Leaders who are looking to move away from founder-led sales can institute a “lean” process approach, too. It’s a lot of work. If it’s outside your capacity, it may be time to bring in a training organization, such as Maestro, to assess your sales team and instill best practices across the organization. The first two steps take place at the operational level:

1. Establish strategic sales goals. You may choose to set goals for SDRs and BDRs based on pipeline value, or maybe you base the goals on meeting count. It doesn’t matter which measurements you choose. You just have to set and review goals regularly, and make sure they’re correctly incentivized.
2. Monitor those goals. Implementing a CRM system, identifying the most important key performance indicators (KPIs), and tracking them effectively provides strategic insight and allows sales leaders to spot problems quickly and work to solve them.
After company leadership has set goals and a system for tracking progress toward them, the focus can then turn toward the sales team itself. In Maestro trainings, we talk about these three steps as “memorialize, professionalize, and personalize.”

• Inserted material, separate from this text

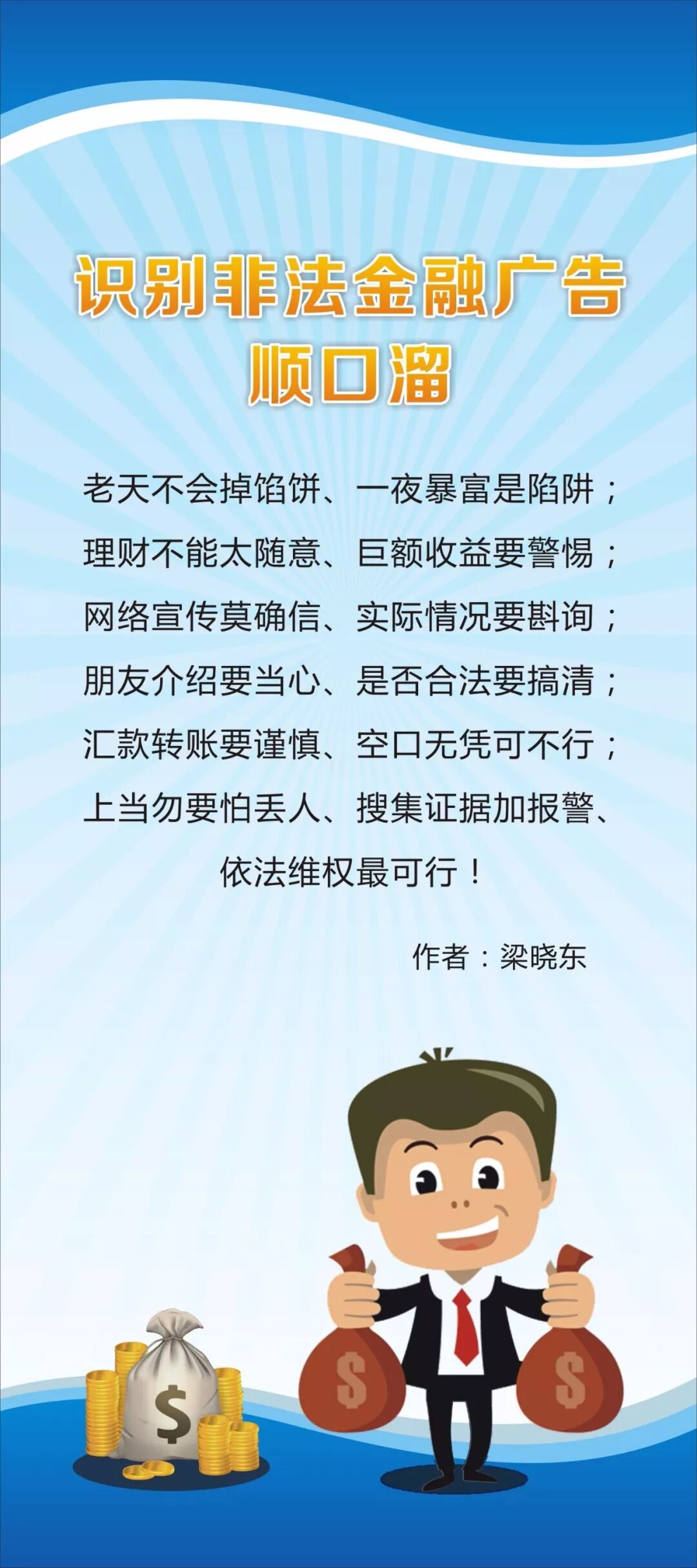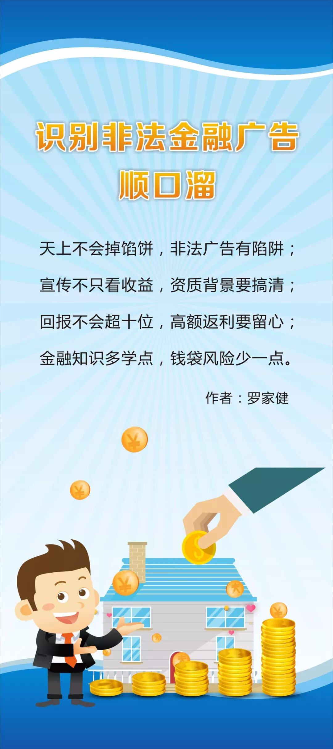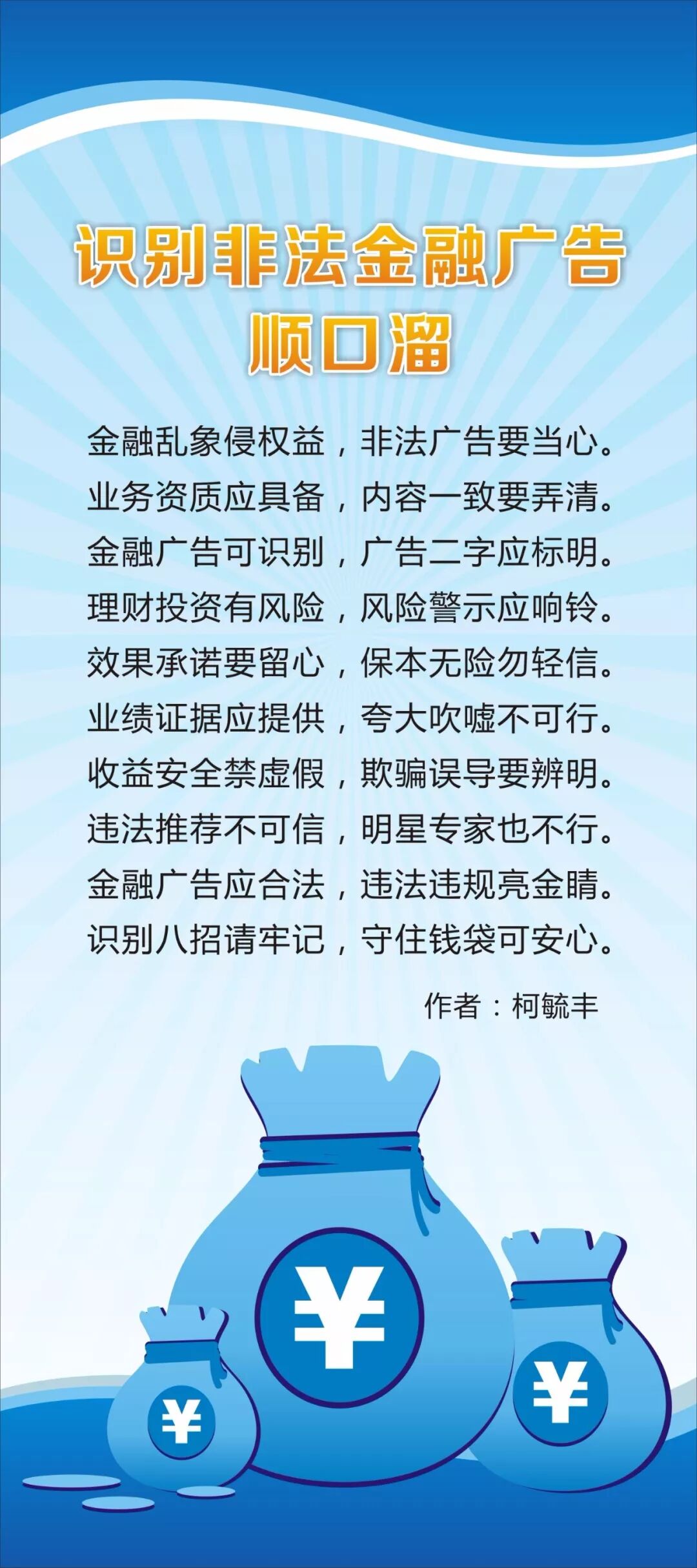 为了帮助大家快速简单地掌握识别非法金融广告的常识,人民银行茂名市中心支行、茂名市金融消费权益保护联合会组织开展了识别非法金融广告顺口溜创作征集活动。现公布部分优秀原创作品,您在欣赏之余记得记下几条哟!守好“钱袋子”,安心过日子。

3. Identify an optimal process to achieve the goals. If you’re the founder and you’ve handled most of the sales up until now, this may mean auditing and memorializing your process so it’s replicable by new hires. If you already have a few salespeople, it means studying their performance to understand why the high performers are having more success selling your product or solution. (Memorialize)
4. Train the whole sales team in the optimal process. Depending on your goals, this may include time blocking, email cadences, CRM use, role plays, and many other ways to internalize learnings. Rather than establishing strict rules about tactics and micromanaging them, the focus should stay on how these techniques provide efficiency and serve the strategic goals. (Professionalize)

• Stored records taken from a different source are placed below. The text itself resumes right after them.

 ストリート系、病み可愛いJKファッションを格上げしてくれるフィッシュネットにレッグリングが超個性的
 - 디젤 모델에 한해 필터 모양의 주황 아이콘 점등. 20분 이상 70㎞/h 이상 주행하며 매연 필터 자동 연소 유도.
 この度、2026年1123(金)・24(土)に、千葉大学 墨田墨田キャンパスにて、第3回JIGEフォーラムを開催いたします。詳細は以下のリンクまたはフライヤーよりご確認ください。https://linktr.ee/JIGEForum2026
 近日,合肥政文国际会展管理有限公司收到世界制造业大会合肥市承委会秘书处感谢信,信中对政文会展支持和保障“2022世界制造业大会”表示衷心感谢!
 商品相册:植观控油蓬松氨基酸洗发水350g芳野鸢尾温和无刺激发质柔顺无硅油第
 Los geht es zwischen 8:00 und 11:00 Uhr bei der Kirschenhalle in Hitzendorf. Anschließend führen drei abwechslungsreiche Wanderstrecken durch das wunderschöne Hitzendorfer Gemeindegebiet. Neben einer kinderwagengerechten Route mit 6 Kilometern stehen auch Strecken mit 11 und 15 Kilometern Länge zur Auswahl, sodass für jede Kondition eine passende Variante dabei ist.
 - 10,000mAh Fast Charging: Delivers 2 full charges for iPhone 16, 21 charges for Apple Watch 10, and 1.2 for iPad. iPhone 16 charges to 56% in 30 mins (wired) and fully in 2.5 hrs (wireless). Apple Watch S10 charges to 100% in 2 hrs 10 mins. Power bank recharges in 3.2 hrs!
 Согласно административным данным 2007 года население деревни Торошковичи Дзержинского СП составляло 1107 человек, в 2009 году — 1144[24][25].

5. Adjust together. After each salesperson has internalized the basic process, give them ownership of their performance. (Personalize)

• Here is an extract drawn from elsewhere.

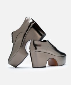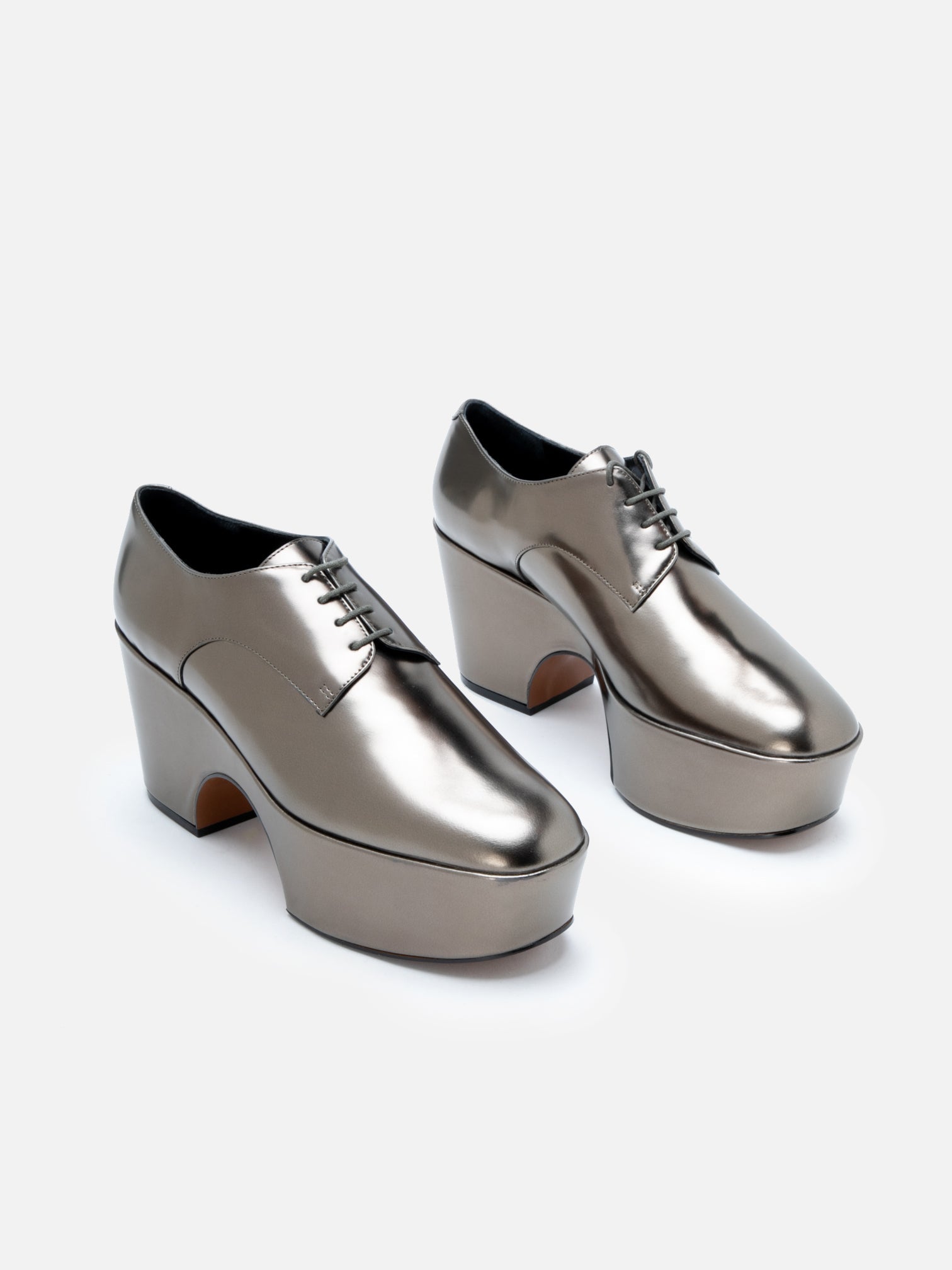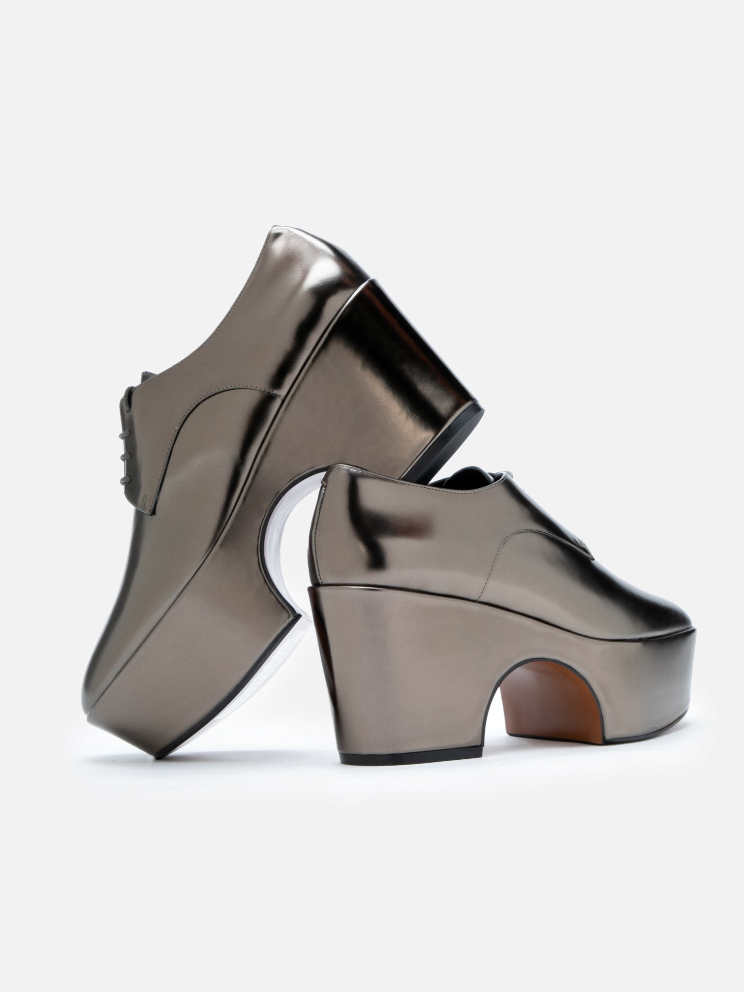 Upper: gobi metallic glossed calfskin / Lining: black goatskin lining / Sole: gobi metallic glossed calfskin covered platform, amber leather sole, black edge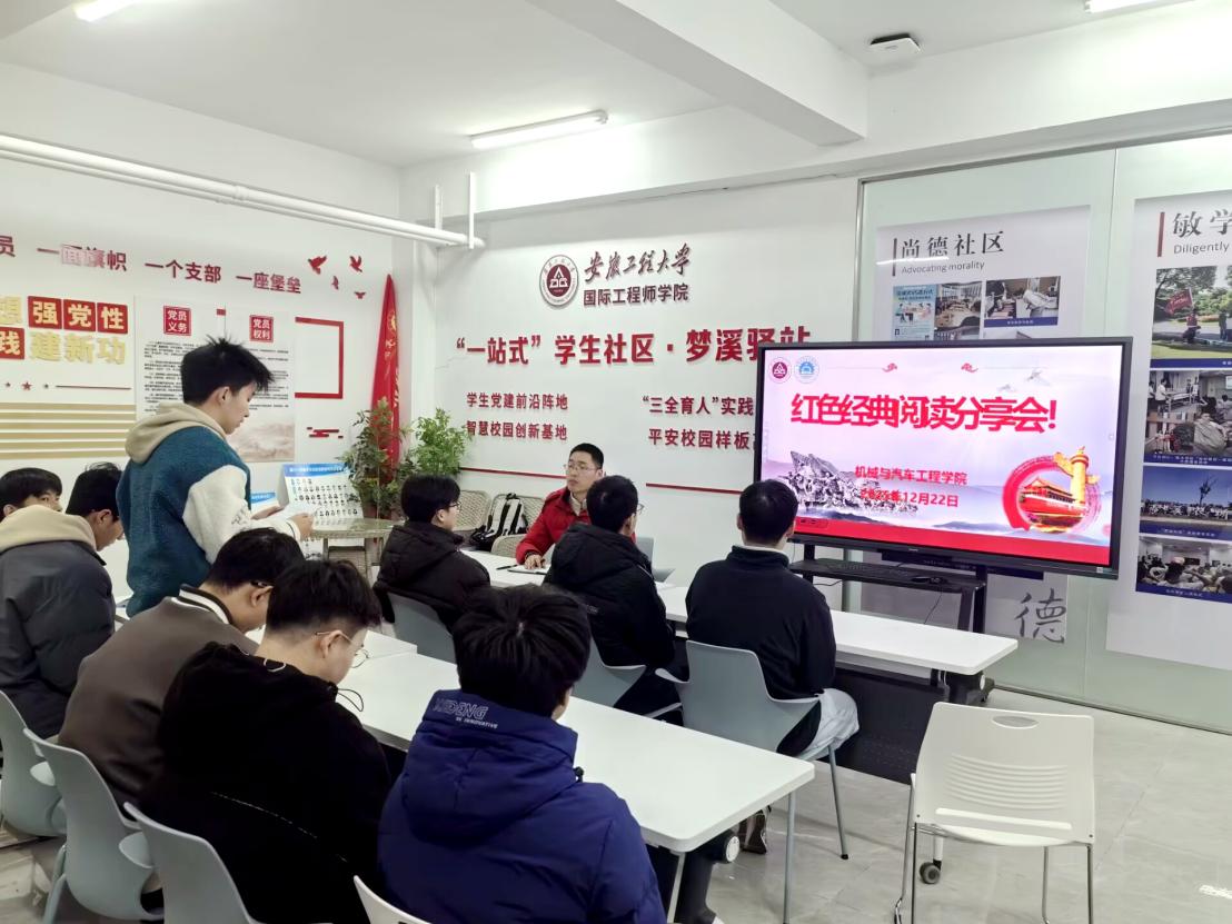 品读红色经典,传承红色基因。为丰富学生社区文化生活,推动优良学风和书香校园社区建设,12月22日,机械与汽车工程学院在7-9#一站式学生社区开展红色经典阅读分享交流活动,辅导员孙志鹏和20余名自我管理委员会成员、学生代表参加活动。

Owning the sales process is essential for high performance. One way that Maestro encourages this level of sales-process personalization is through the DRIVE information-gathering framework. Salespeople learn to ask questions of prospects in five major areas of information. For example, D uncovers information about decision-makers in the buying center and the decision-making process. Rather than memorizing particular questions to ask every time, Maestro teaches that the salesperson should prepare question trees based on their own experience of the types of responses they get and need to be prepared to answer.
Sometimes, a salesperson will create an adjustment to a sales process you thought was already optimized. Assuming you did #1 and #2—establish goals and metrics—it’ll be easy to see whether the innovation is in fact an improvement. If it is, congratulations—as long as you have the institutional flexibility to accept ongoing change. Engaged, professional sales employees can drive continuous optimization in the sales process.
Continuous adaptation is essential in a field that changes as fast as B2B SaaS sales. Organizations need to first clearly define their goals, metrics, and sales process before they can innovate and adapt in a scientific manner. After all, establishing a control is essential to scientific experimentation.
So, as your sales team expands and you move past your founder-led sales era, think about how you can “control what you can control.” Even if you hire the best sales professionals to join your team, they won’t succeed if you haven’t established, tested, and honed your GTM process.